**Problem**
Which lines run from the one containing "龙威系统有8个部位,每个部位" through the last line of the records? Copy them exactly, leaving pictures out.

Dataset records
# # # #

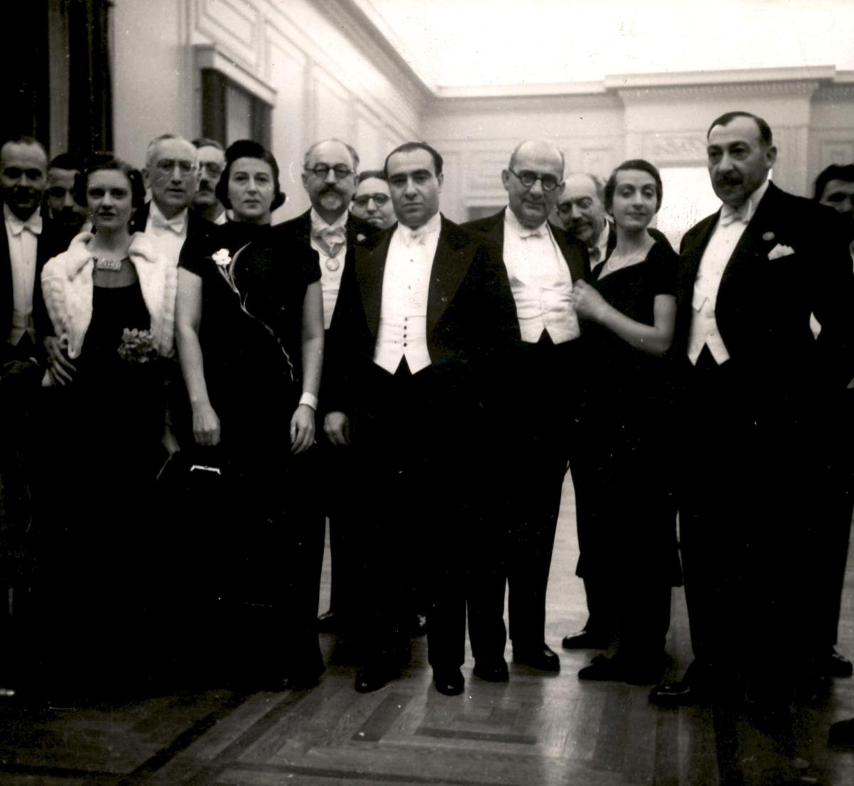 Στιγμιότυπο από την εκδήλωση στη φουαγιές του Εθνικού Θεάτρου. Μπροστά στο κέντρο: Κατίνα Παξινού, Γεώργιος Οικονόμος, Δωστής Μπαστιάς. Δεξιά: Ελένη Παπαδάκη, Γεώργιος Ν. Βέλτσος.
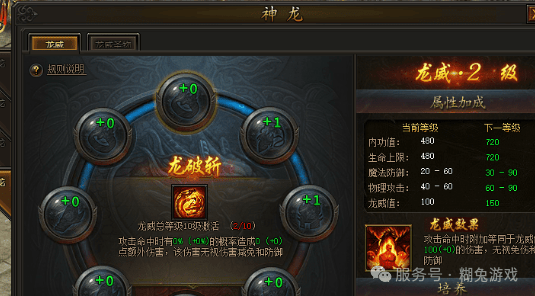 龙威系统有8个部位,每个部位初始等级为0级,最高可达40级。使用赤龙血进行升级,达到一定等级后需使用金龙血继续升级。升级到40级共需消耗85颗金龙血。龙威升级可增加玩家的内功值、生命上限、魔法防御、物理攻击和龙威值等属性。当龙威系统培养到一定等级后,玩家将获得“龙破斩”专属技能。
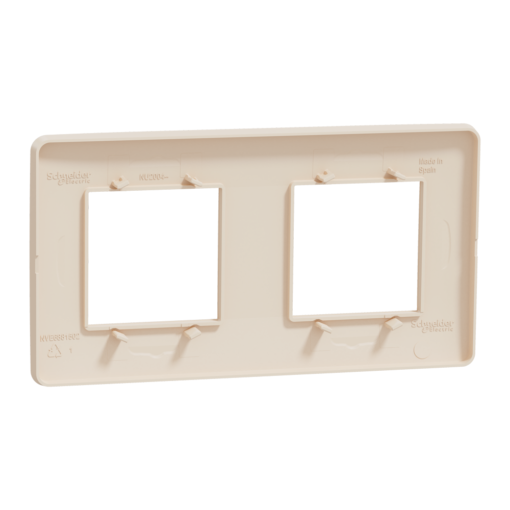 Рамка Schneider Electric New Unica NU200444 бежевого кольору. Рамка є екологічно чистим продуктом преміум-класу. Рамка - двопостова. Вона виготовлена з термопластику ABS-UV-стабілізованого. Ступінь ударозахисту IK04. Крім того, вона екологічно чиста, стійка до ультрафіолету, ацетону, спирту, аміаку, відбілювача, рідкого мила, масла, бензину, рідини для миття вікон. Вона не містить SVHC (особливо небезпечні речовини). Рамка входить в групу Unica Studio. Відповідає стандартам Мек 60669-1, Мек 60884-1. Її ширина 185 мм, висота 85 мм, глибина 10 мм. Вага 0,021 кг. Не містить галогенів. Спосіб кріплення: затисканням. Unica розроблена з розумними функціями, щоб бути гнучкою, простою для розуміння та швидкою для встановлення, забезпечуючи рішення для всіх вимог клієнтів.
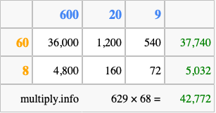Below is an illustration showing you how to calculate 629 times 68 using the box method, using the instructions above.
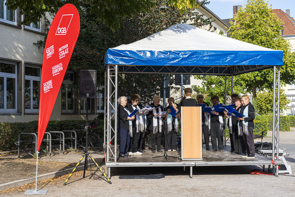 Ganz sicher wird niemand, der diese Konflikte befeuert, auf unsere Straßen und Plätze schauen. Dennoch ist es wichtig, dass wir in Deutschland auch öffentlich sagen: Wir wollen nicht in Kriegszeiten leben. Wir wollen und werden die Demokratie und das Völkerrecht verteidigen – und deshalb lehnen wir Krieg ab! Vielen Dank dem DGB und allen, die dabei waren!
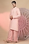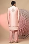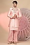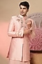 Featuring a light pink jacket in chanderi silk base with embroidery. It is paired with a kurta and pants. Perfect wear for any wedding, sangeet or pre-wedding ceremony.
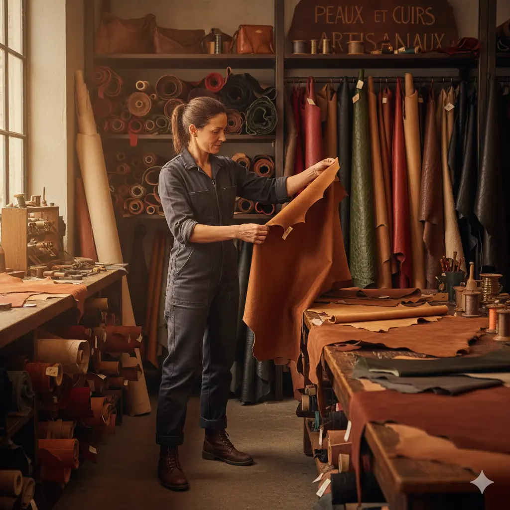 Leathers, suedes, furs, sheepskins and cow rugs. For clothing, leather goods; crafts, harnesses and saddlery, belts, shoes...
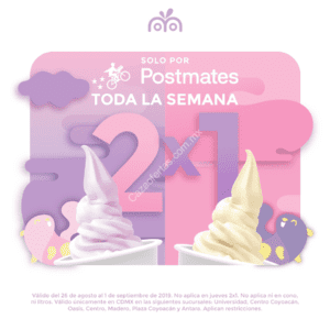 Durante esta semana Moyo Frozen Yogurt tiene una promoción en la que están ofreciendo sus helados al 2 X 1, (no aplica en cono ni en litros) si realizas tu pedido por Postmates; y tiene un vigencia del 26 de agosto al 01 de septiembre de 2019.

# # # #

**Task solution**
 龙威系统有8个部位,每个部位初始等级为0级,最高可达40级。使用赤龙血进行升级,达到一定等级后需使用金龙血继续升级。升级到40级共需消耗85颗金龙血。龙威升级可增加玩家的内功值、生命上限、魔法防御、物理攻击和龙威值等属性。当龙威系统培养到一定等级后,玩家将获得“龙破斩”专属技能。
 Рамка Schneider Electric New Unica NU200444 бежевого кольору. Рамка є екологічно чистим продуктом преміум-класу. Рамка - двопостова. Вона виготовлена з термопластику ABS-UV-стабілізованого. Ступінь ударозахисту IK04. Крім того, вона екологічно чиста, стійка до ультрафіолету, ацетону, спирту, аміаку, відбілювача, рідкого мила, масла, бензину, рідини для миття вікон. Вона не містить SVHC (особливо небезпечні речовини). Рамка входить в групу Unica Studio. Відповідає стандартам Мек 60669-1, Мек 60884-1. Її ширина 185 мм, висота 85 мм, глибина 10 мм. Вага 0,021 кг. Не містить галогенів. Спосіб кріплення: затисканням. Unica розроблена з розумними функціями, щоб бути гнучкою, простою для розуміння та швидкою для встановлення, забезпечуючи рішення для всіх вимог клієнтів.
Below is an illustration showing you how to calculate 629 times 68 using the box method, using the instructions above.
 Ganz sicher wird niemand, der diese Konflikte befeuert, auf unsere Straßen und Plätze schauen. Dennoch ist es wichtig, dass wir in Deutschland auch öffentlich sagen: Wir wollen nicht in Kriegszeiten leben. Wir wollen und werden die Demokratie und das Völkerrecht verteidigen – und deshalb lehnen wir Krieg ab! Vielen Dank dem DGB und allen, die dabei waren!
 Featuring a light pink jacket in chanderi silk base with embroidery. It is paired with a kurta and pants. Perfect wear for any wedding, sangeet or pre-wedding ceremony.
 Leathers, suedes, furs, sheepskins and cow rugs. For clothing, leather goods; crafts, harnesses and saddlery, belts, shoes...
 Durante esta semana Moyo Frozen Yogurt tiene una promoción en la que están ofreciendo sus helados al 2 X 1, (no aplica en cono ni en litros) si realizas tu pedido por Postmates; y tiene un vigencia del 26 de agosto al 01 de septiembre de 2019.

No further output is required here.